**MATERIAL PROVIDED**
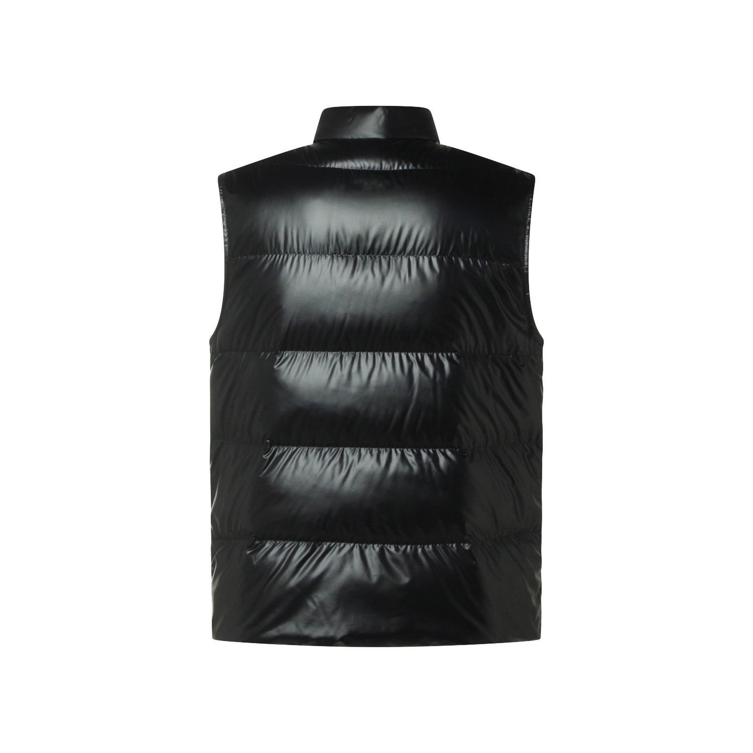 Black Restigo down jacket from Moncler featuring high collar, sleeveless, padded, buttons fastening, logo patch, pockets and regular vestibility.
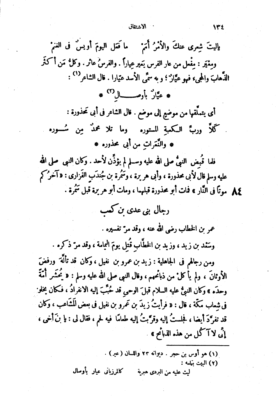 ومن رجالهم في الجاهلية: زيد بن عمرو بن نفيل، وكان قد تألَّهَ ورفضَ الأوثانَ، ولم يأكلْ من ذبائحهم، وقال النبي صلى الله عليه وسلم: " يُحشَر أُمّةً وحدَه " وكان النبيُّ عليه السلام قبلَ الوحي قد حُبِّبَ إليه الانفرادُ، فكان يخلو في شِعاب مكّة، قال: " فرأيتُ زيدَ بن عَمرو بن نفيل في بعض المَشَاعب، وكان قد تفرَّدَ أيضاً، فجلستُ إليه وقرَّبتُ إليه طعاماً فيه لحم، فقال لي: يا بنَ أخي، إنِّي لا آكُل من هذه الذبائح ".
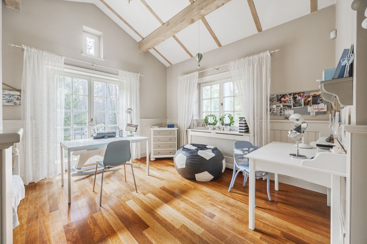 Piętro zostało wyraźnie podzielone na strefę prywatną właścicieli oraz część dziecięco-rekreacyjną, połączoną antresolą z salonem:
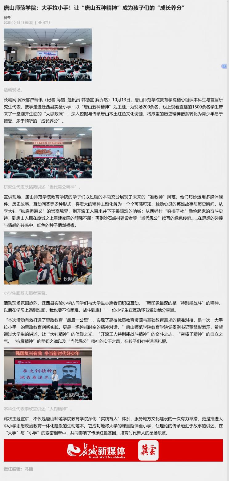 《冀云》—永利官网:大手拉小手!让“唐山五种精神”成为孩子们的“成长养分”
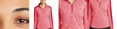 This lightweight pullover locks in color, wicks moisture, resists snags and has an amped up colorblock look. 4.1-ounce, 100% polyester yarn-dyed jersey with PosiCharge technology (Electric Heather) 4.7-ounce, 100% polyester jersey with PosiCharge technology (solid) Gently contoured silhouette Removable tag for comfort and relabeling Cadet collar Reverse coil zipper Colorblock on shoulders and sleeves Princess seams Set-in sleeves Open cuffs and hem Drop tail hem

--

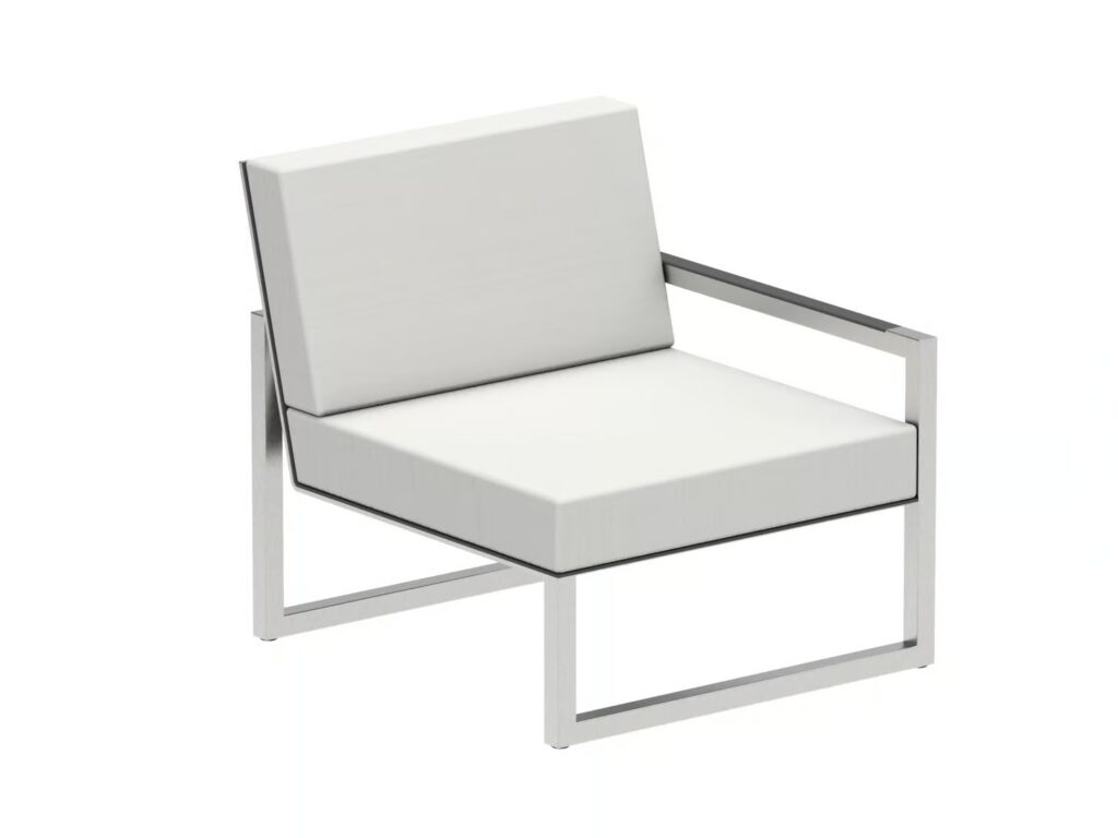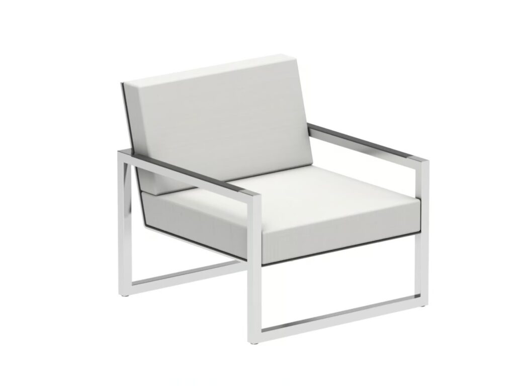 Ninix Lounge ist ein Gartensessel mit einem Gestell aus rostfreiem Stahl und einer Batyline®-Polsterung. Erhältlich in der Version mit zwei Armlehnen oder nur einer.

**BRIEF**
Above are entries with pictures among them. Write out exactly the lines from the one containing "Black Restigo down" through the one containing "This lightweight pullover", ends included, and leave those pictures out.

**RESULT FOR THIS EXERCISE**
 Black Restigo down jacket from Moncler featuring high collar, sleeveless, padded, buttons fastening, logo patch, pockets and regular vestibility.
 ومن رجالهم في الجاهلية: زيد بن عمرو بن نفيل، وكان قد تألَّهَ ورفضَ الأوثانَ، ولم يأكلْ من ذبائحهم، وقال النبي صلى الله عليه وسلم: " يُحشَر أُمّةً وحدَه " وكان النبيُّ عليه السلام قبلَ الوحي قد حُبِّبَ إليه الانفرادُ، فكان يخلو في شِعاب مكّة، قال: " فرأيتُ زيدَ بن عَمرو بن نفيل في بعض المَشَاعب، وكان قد تفرَّدَ أيضاً، فجلستُ إليه وقرَّبتُ إليه طعاماً فيه لحم، فقال لي: يا بنَ أخي، إنِّي لا آكُل من هذه الذبائح ".
 Piętro zostało wyraźnie podzielone na strefę prywatną właścicieli oraz część dziecięco-rekreacyjną, połączoną antresolą z salonem:
 《冀云》—永利官网:大手拉小手!让“唐山五种精神”成为孩子们的“成长养分”
 This lightweight pullover locks in color, wicks moisture, resists snags and has an amped up colorblock look. 4.1-ounce, 100% polyester yarn-dyed jersey with PosiCharge technology (Electric Heather) 4.7-ounce, 100% polyester jersey with PosiCharge technology (solid) Gently contoured silhouette Removable tag for comfort and relabeling Cadet collar Reverse coil zipper Colorblock on shoulders and sleeves Princess seams Set-in sleeves Open cuffs and hem Drop tail hem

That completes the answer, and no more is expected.